🤖 AI Summary
This work addresses the common failure of existing trigger-action programming (TAP) automation methods to generate executable rules due to neglecting field-level bindings. It formulates TAP for the first time as a function-level, field-aware binding problem and proposes a two-stage architecture: the first stage retrieves candidate function pairs via a contrastive learning-based dual-encoder, while the second stage employs a multi-agent LLM collaboration mechanism that integrates intent analysis, cross-modal selection, and field binding validation to produce end-to-end executable rules. The approach incorporates schema-enhanced representations, selective layer freezing, and a shared-state consensus mechanism, achieving an 81% function-level joint accuracy on the Gold dataset and improving service-level accuracy by 23 percentage points over the TARGE baseline, substantially advancing the generation of executable automation configurations.
📝 Abstract
Trigger-Action Programming (TAP) platforms such as IFTTT and Zapier enable Web of Things (WoT) automation by composing event-driven rules across heterogeneous services.
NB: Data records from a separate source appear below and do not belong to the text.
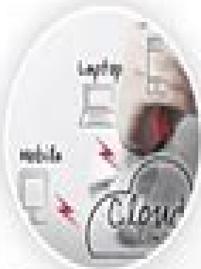
Computers and Information Technology
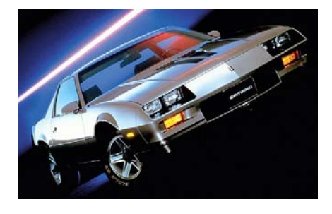
Front Bar Installation
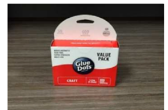
12. Glue Dots
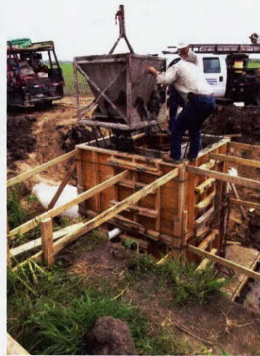
Pouring a junction box.
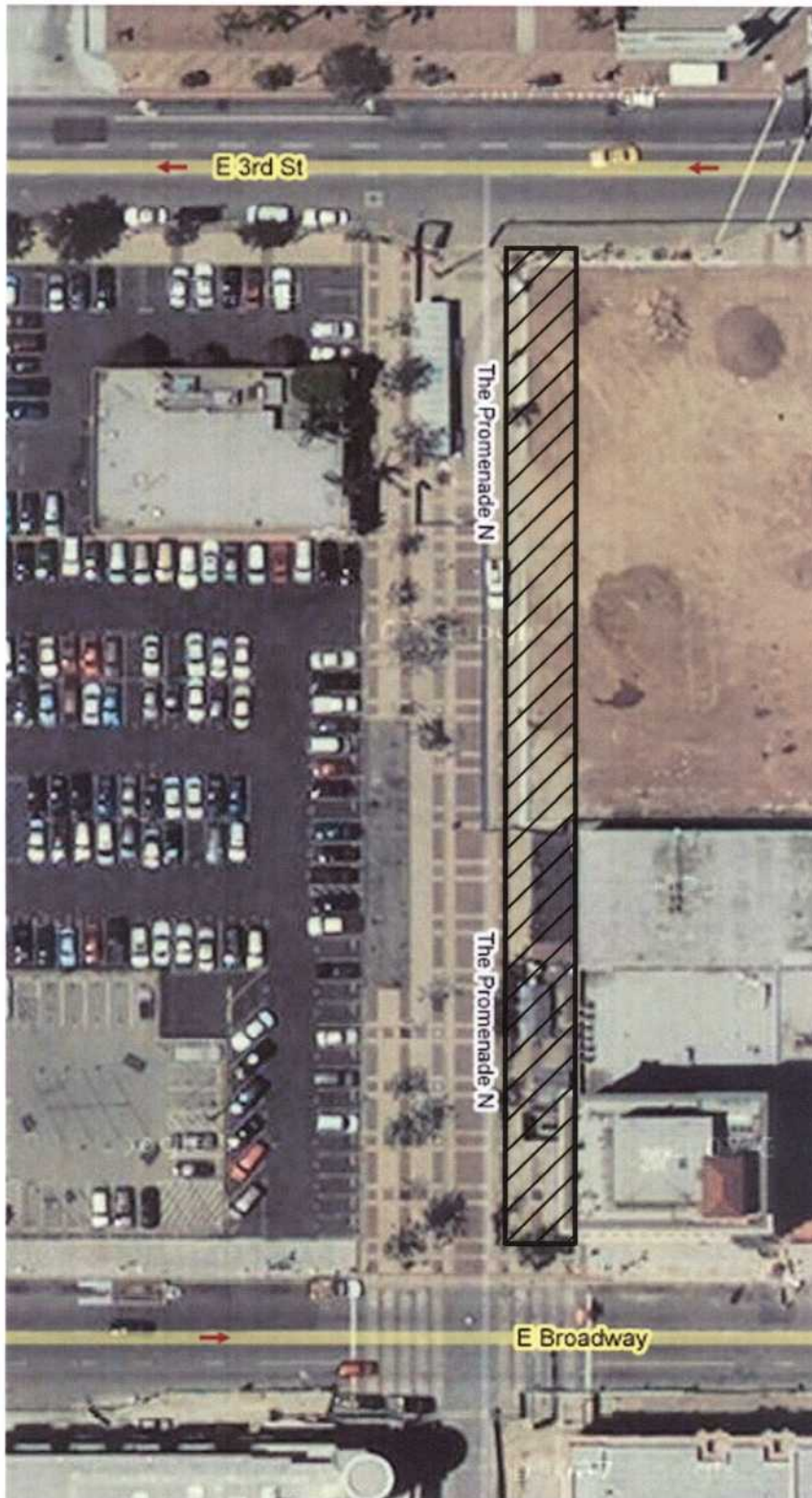
PROMENADE NORTH BLOCK - INTERIM PLAN
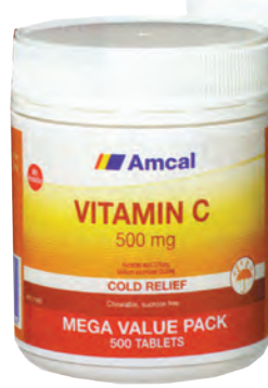
Amcal Vitamin C 500mg Mega Pack 500 Tablets 2 for $28 50
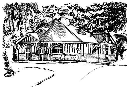
The Education Centre started life as the park's kiosk. Originally built in 1907, the centre was established after restoration was completed in 1997.

Feeding, and or handling of wildlife, is an offence under the National Park Regulations.
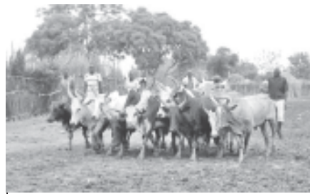
In this Wednesday, 13 July, 2011 photo, young men herd cattle through the mud-caked streets of Pibor, South Sudan.

South Sudan became the world's newest country in July, amid high hopes that it would leave its violent past behind. A 2005 peace deal with the north ended a civil war
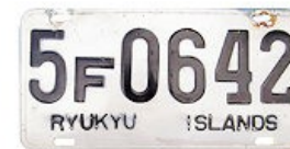
1960 - 1967, Private Vehicle
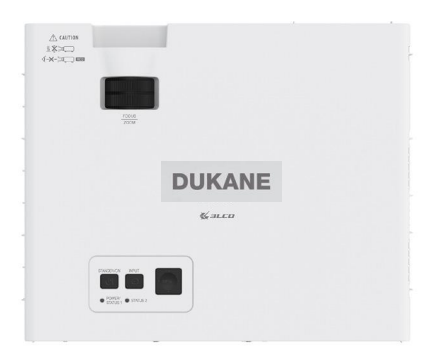
I de Ara
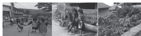
Figure 13 Community Life and Tourist Attractions
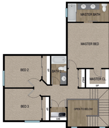
2nd Story Floor Plan
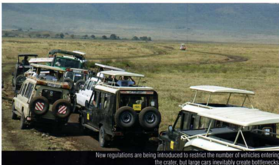
New regulations are being introduced to restrict the number of vehicles entering the crater, but large cars inevitably create bottlenecks.

co-exist in harmony – at least within a self-regulating system where neither man nor wildlife exerts excessive demands on the productive capacity of the natural environment. But as demand on the natural environment increases, so does the potential for conflict between development and conservation needs. Inevitably, the NCAA faces many challenges in its efforts to reconcile these needs. 'There were fewer than 8,000 Maasai living in the area when the NCA was created, but this had doubled by the time
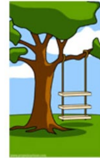
How the customer explained it.

Do users know what they want? Do users know what we don't know? Do we know who are users even are?
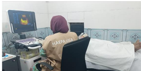
Performing Ultrasonography By HAEFA's Health Professionals
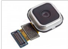
Flex with camera back of 12 Mpx for Samsung Galaxy Alpha, G850F

For this tutorial you will need the following spared parts and tools that you cant get at our online store Impextrom.com Click on a tool for visit the website.
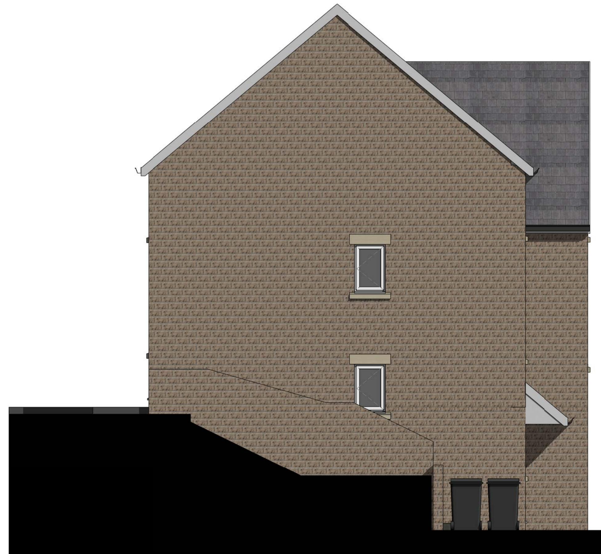
3 East 1 : 50
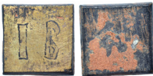
1032 Byzantine weight (bronze, 13.84 g, 18x18 mm). Very fine.
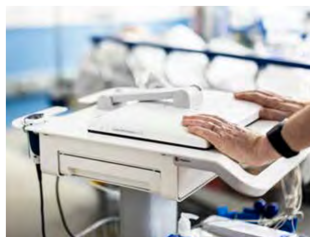
The Cardiac Workstation screen folds for easy transport.

Touchscreen display can be tilted to reduce glare or pulled forward to provide easy access to the built-in keyboard.
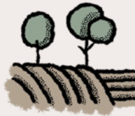
Ag unique terroir for wine and food
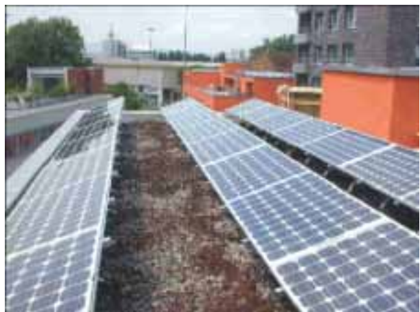
Fig. 11: Solgreen power station 1, Zurich
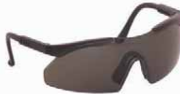
Cronos Junior S19JR
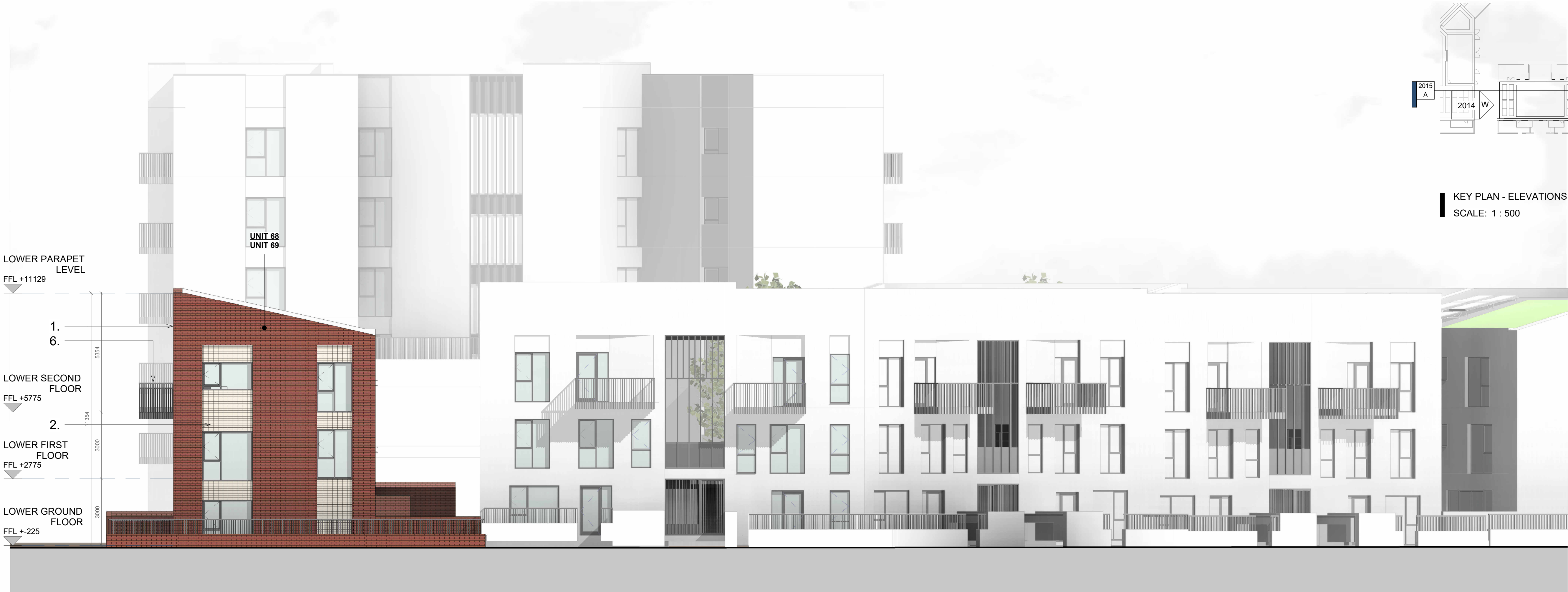
EAST ELEVATION SCALE: 1 : 100
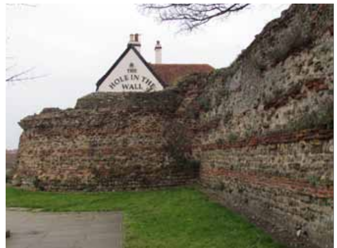
The Roman walls are evidence of Colchester's military past
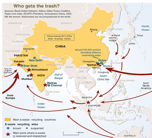
Fig.1 Map of dumping places in the world

IPC270 strongly says —Malignant act likely to spread infection of disease dangerous to life:- Whoever Malignant does any act which is, and which he knows or has reason to believe to be, likely to spread the infection of any disease dangerous to life, shall be punished with imprisonment of either description for a term which may extend to two year, or with fine, or with both.
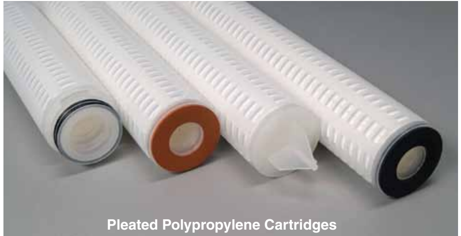
Pleated Polypropylene Cartridges
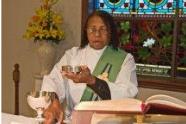
Communion at the altar

our stained glass window was salvaged from it and installed behind the altar.
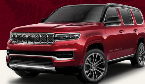
Velvet Red Pearl
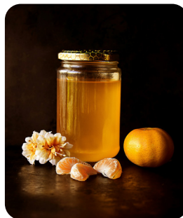
CONSUMER FAIR FOR HALAL PRODUCTS

The event serves as a networking platform for the halal industry, featuring halal-certified products and services across various sectors like food, cosmetics, and textiles. It includes conferences and workshops on halal branding, market trends, certifications, and industry challenges, enhancing participants' knowledge and experience.
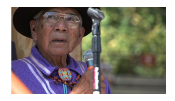
Scenes from the film

"The Eastern Band of Cherokee in the Smoky Mountains of North Carolina now has less than 250 native speakers of Cherokee, with the majority middle-aged and older. The last two generations of Cherokees have been monolingual-English speakers. In an effort to revitalize Cherokee, the tribe has established an immersion school, a language academy, and other programs to enable children to learn Cherokee once again as a native language. The film documents the extraordinary measures being taken to re-establish Cherokee as a native language. This will be the premiere of this documentary, produced by the North Carolina Language and Life Project and the Eastern Band of Cherokee for broadcast on public TV." (Danica Cullinan and Neal Hutcheson, producers, Walt Wolfram, executive producer.)
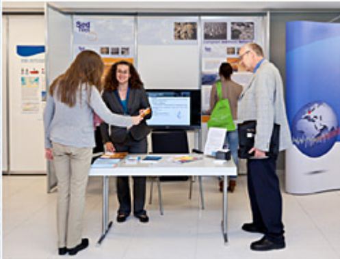
(SedNet at the exhibition of the 6th IAHS International Conference on Water Resources and Environmental Research: Water and Environmental Dynamics)
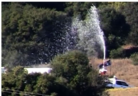
Foam spewing from a CSG well in outer Sydney Australia.

US Health Survey 42 investigated the extent and types of health symptoms experienced by people living near UG in Pennsylvania. Environmental testing was conducted on the properties of a subset of survey participants (70 people in total) to identify the presence of pollutants that might be linked to both gas development and health symptoms. Test locations were selected based on household interest, the severity of symptoms reported, and proximity to gas facilities and activities. In total, 34 air tests and 9 water tests were conducted at 35 households in 9 counties. VOCs were detected in air including 2-butanone acetone, chloromethane, carbon tetrachloride, trichlorofluoromethane, toluene, methylene chloride, dichlorodifluoromethane, n-hexane, benzene, tetrachloroethylene, 1,2,4-trimethylbenzene, ethylbenzene, trichloroethylene, xylene and 1,2-dichloroethane. A range of symptoms were reported in the 108 surveys including nasal and throat irritation (60%), sinus problems (58%), eyes burning (53%), shortness of breath (52%), difficulty breathing (41%), severe headaches (51%), sleep disturbance (51%), frequent nausea (39%), skin irritation (38%), skin rashes (37%), dizziness (34%). While the study did not prove that living closer to an oil and gas facility causes health problems, it did suggest a strong association, as in general, the closer to gas facilities respondents lived, the higher the rates of symptoms they reported.
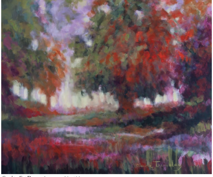
Good to Eat/Bonnes à croquer, 36 \ge 18 in.

Here may lay the reason why every painting begins with a simple horizon line into which she incorporates a pool of light guiding the eye of the spectator towards a sensation of infinity. The artist regards the tree almost as a living character that interplays with the magic of light, with rays of spirituality filtering through towards a more conscientious way of life resting on a set of principles, mostly towards an ecological and equitable way of life which takes responsibility for the good of generations to come.
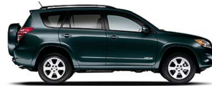
BLACK FOREST PEARL 3 Ash, Sand Beige or Dark Charcoal 1,2 interior
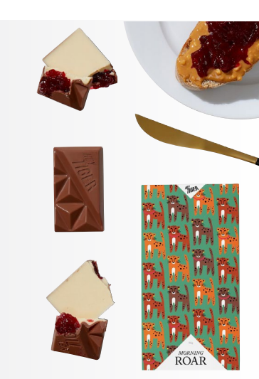
From $4 | Hey Tiger Ethical chocolate
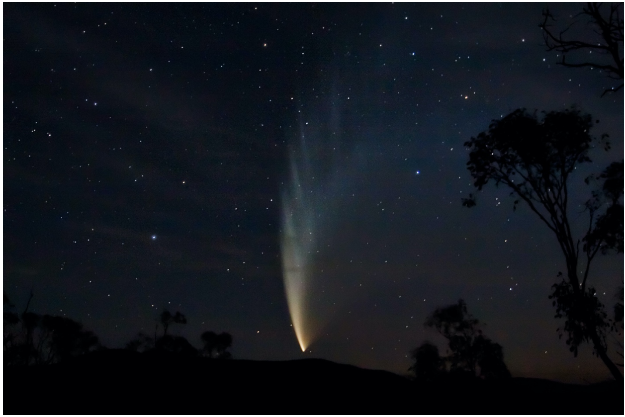
Figure 3 – Comet C/2006 P1 McNaught; photo taken from Swifts Creek, Victoria, Australia at 3pprox.. 10:10PM. Taken at f/4, ISO 800, 20 seconds and ~24 mm with post-processing in Photoshop to bring out details.

From 2003 to 2013 Catalina Sky Survey operated the only major NEO survey telescope in the southern hemisphere in partnership with the Australian National University using the 0.5-m Uppsala Schmidt telescope at Siding Spring Observatory in New South Wales, Australia. The Siding Spring Survey operated under MPC code E12 and is credited with discovering 467 Near-Earth Asteroids as well as many comets, including Comet McNaught, the "Great Comet of 2007" (see figure 1).
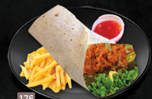
176 راب مطافي MATHAFI WRAP
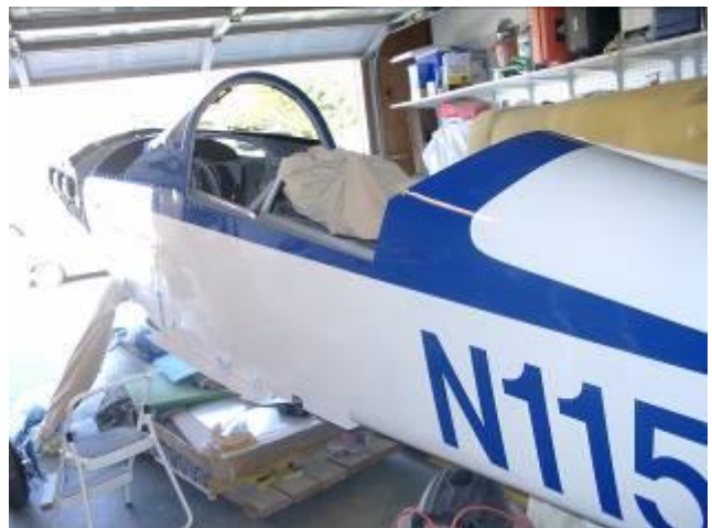
Fuselage in the other direction
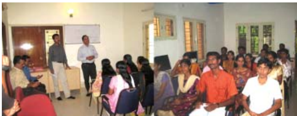
G-TEC Indiranagar-Bangalore welcomes Kerala students

The Kerala students, winners of GATE scheme arrived Bangalore on 31st March 2010. The students were picked up from the Railway station and were taken to their respective hostels and were introduced to the respective Hostel-in-charge. After brief refreshments, the students assembled at GTEC-Indiranagar Centre and an Inaugural Function was arranged to welcome the Students. The Inaugural session began with student Introduction followed by Introduction of faculty to the students. The students were segregated according to the courses opted and each student was given the details of courses proposed to be covered
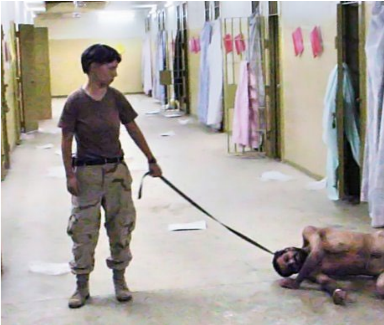
US Military Personnel (2003) “Soldier with Abu Ghraib prisoner on leash”

Ibid. Accessed on 17 / 07 / 13 at: http://en.wikipedia.org/wiki/File:Abu-ghraib-leash.jpg
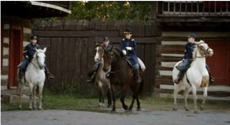
Scene from "Ghost Riders in the Van" Produced by IFBC Film Studio www.ghostridersinthevan.com
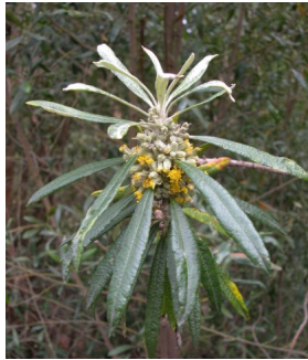
GJ Bedfordia salicina

wiry bauera sprawling wiry shrub; leaves opposite, each with three leaflets; flowers white to pink
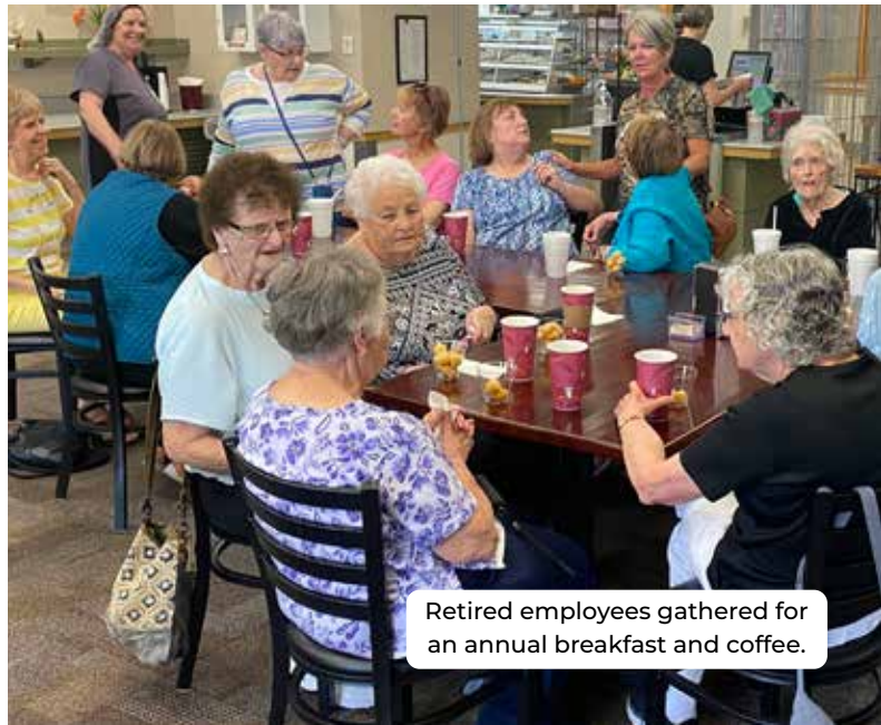
Retired employees gathered for an annual breakfast and coffee.
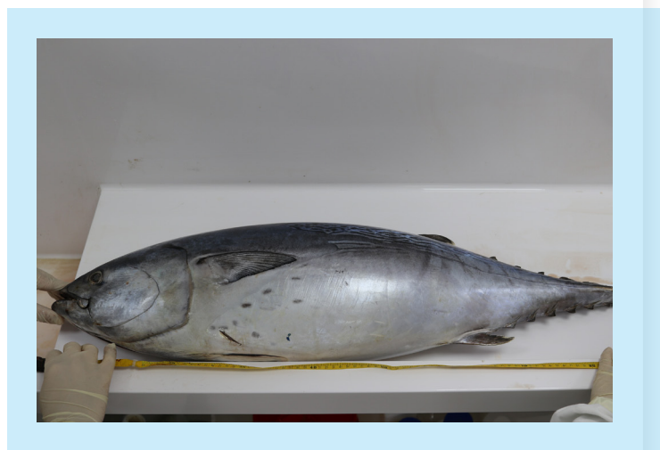
Fish samples processing in the Ecology Laboratory at AquaBioTech Group.

Undertaking market analyses and socio-economic surveys to improve fisheries knowledge and support an evidence-based decision-making process for our clients.

A TAP applet links a trigger to an action and must bind trigger outputs (ingredients) to action inputs (fields) to be executable. Prior work largely treats TAP as service-level prediction from natural language, which often yields non-executable applets that still require manual configuration. We study the function-level configuration problem: generating complete applets with correct ingredient-to-field bindings. We propose FARM (Field-Aware Resolution Model), a two-stage architecture for automated applet generation with full configuration. Stage 1 trains contrastive dual encoders with selective layer freezing over schema-enriched representations, retrieving candidates from 1,724 trigger functions and 1,287 action functions (2.2M possible trigger-action pairs). Stage 2 performs selection and configuration using an LLM-based multi-agent pipeline. It includes intent analysis, trigger selection, action selection via cross-schema scoring, and configuration verification. Agents coordinate through shared state and agreement-based selection. FARM achieves 81% joint accuracy on Gold (62% Noisy, 70% One-shot) at the function level, where both trigger and action functions must match the ground truth. For comparison with service-level baselines, we map functions to their parent services and evaluate at the service level. FARM reaches 81% joint accuracy and improves over TARGE by 23 percentage points. FARM also generates ingredient-to-field bindings, producing executable automation configurations.